### Aim of the exercise
All lines ahead of the one containing "Grazie alla sua" are to be left out; that line and each one after it, through the end of the records below, are to be duplicated exactly.

Start of Given data

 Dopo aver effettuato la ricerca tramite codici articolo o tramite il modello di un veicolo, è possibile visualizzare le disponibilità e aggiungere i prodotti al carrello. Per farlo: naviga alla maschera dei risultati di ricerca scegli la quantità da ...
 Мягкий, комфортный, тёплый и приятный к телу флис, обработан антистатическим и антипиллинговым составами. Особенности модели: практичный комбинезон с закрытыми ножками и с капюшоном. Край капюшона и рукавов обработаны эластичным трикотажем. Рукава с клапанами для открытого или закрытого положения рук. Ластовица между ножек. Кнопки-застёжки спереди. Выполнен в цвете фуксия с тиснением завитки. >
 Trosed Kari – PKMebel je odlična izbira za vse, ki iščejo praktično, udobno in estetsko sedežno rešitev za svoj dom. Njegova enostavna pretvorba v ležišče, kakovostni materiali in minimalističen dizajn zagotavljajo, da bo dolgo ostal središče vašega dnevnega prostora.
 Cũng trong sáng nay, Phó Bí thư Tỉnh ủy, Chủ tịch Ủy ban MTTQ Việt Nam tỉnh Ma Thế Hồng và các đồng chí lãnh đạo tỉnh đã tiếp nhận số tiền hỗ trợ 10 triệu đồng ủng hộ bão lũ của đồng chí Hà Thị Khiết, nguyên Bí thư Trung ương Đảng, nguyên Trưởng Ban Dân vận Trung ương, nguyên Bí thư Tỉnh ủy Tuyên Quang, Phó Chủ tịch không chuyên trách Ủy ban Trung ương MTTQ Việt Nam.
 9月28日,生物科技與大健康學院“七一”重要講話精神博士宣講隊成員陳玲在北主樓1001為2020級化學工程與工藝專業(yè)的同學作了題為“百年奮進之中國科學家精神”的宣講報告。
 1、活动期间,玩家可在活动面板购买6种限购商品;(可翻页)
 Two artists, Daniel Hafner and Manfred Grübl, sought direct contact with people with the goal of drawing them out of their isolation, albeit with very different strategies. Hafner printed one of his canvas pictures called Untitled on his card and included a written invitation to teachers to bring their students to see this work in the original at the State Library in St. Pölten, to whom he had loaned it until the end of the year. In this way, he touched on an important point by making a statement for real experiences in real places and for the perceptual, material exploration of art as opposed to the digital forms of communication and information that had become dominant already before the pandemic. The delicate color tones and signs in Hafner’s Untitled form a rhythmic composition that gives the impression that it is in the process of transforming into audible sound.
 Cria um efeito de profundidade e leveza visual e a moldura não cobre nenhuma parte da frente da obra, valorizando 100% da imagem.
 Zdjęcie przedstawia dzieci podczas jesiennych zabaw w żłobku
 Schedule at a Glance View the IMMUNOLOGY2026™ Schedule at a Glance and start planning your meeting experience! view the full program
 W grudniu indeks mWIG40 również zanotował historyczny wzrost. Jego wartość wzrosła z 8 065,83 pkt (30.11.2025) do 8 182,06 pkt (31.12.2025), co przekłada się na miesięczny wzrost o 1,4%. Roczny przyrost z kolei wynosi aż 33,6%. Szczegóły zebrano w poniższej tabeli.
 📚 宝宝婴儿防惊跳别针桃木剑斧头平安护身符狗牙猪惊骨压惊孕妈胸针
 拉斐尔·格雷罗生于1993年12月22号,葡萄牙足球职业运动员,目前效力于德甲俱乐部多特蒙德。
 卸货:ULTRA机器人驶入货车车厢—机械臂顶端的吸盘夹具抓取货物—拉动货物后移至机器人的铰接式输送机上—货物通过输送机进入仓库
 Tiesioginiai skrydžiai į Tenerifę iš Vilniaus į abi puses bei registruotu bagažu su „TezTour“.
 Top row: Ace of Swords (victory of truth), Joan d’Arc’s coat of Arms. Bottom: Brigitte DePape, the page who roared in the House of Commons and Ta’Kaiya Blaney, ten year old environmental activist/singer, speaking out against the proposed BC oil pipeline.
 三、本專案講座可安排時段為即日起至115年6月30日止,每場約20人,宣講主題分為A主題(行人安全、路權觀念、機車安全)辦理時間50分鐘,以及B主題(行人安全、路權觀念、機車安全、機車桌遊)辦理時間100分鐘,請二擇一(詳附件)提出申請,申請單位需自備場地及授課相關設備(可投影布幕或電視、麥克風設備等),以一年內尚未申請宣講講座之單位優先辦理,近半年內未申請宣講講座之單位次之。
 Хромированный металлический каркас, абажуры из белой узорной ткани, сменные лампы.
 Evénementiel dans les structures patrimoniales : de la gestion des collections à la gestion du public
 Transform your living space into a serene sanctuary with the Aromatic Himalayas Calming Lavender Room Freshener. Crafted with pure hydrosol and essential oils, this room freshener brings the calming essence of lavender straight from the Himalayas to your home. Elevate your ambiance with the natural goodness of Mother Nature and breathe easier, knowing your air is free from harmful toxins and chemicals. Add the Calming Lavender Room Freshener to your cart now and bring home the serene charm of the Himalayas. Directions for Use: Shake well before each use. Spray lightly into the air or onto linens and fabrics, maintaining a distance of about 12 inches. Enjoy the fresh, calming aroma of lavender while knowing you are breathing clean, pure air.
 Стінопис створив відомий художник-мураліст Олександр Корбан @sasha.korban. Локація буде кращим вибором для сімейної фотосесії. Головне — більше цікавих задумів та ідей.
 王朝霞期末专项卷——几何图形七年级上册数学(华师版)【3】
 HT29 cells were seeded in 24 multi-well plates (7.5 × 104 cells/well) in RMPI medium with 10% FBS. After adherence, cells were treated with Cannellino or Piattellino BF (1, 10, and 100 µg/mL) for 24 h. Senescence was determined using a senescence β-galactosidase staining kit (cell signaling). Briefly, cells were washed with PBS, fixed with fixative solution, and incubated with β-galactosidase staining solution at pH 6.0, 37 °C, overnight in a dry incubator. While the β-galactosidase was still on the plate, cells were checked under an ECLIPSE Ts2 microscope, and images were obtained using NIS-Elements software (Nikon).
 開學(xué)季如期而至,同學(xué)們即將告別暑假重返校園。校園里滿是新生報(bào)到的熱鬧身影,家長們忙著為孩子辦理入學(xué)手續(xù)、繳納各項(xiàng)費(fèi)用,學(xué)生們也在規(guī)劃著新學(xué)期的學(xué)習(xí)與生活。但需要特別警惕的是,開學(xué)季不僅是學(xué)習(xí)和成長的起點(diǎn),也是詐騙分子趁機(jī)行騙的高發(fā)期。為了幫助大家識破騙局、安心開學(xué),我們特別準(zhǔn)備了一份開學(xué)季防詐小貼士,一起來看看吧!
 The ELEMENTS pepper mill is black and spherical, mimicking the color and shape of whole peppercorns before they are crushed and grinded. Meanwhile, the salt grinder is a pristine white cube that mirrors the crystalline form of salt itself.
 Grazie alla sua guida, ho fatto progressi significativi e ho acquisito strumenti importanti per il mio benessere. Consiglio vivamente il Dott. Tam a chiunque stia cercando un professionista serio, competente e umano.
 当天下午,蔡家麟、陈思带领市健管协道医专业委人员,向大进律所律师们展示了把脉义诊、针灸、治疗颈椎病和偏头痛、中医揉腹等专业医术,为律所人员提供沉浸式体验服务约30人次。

End of Given data

### Finished exercise
 Grazie alla sua guida, ho fatto progressi significativi e ho acquisito strumenti importanti per il mio benessere. Consiglio vivamente il Dott. Tam a chiunque stia cercando un professionista serio, competente e umano.
 当天下午,蔡家麟、陈思带领市健管协道医专业委人员,向大进律所律师们展示了把脉义诊、针灸、治疗颈椎病和偏头痛、中医揉腹等专业医术,为律所人员提供沉浸式体验服务约30人次。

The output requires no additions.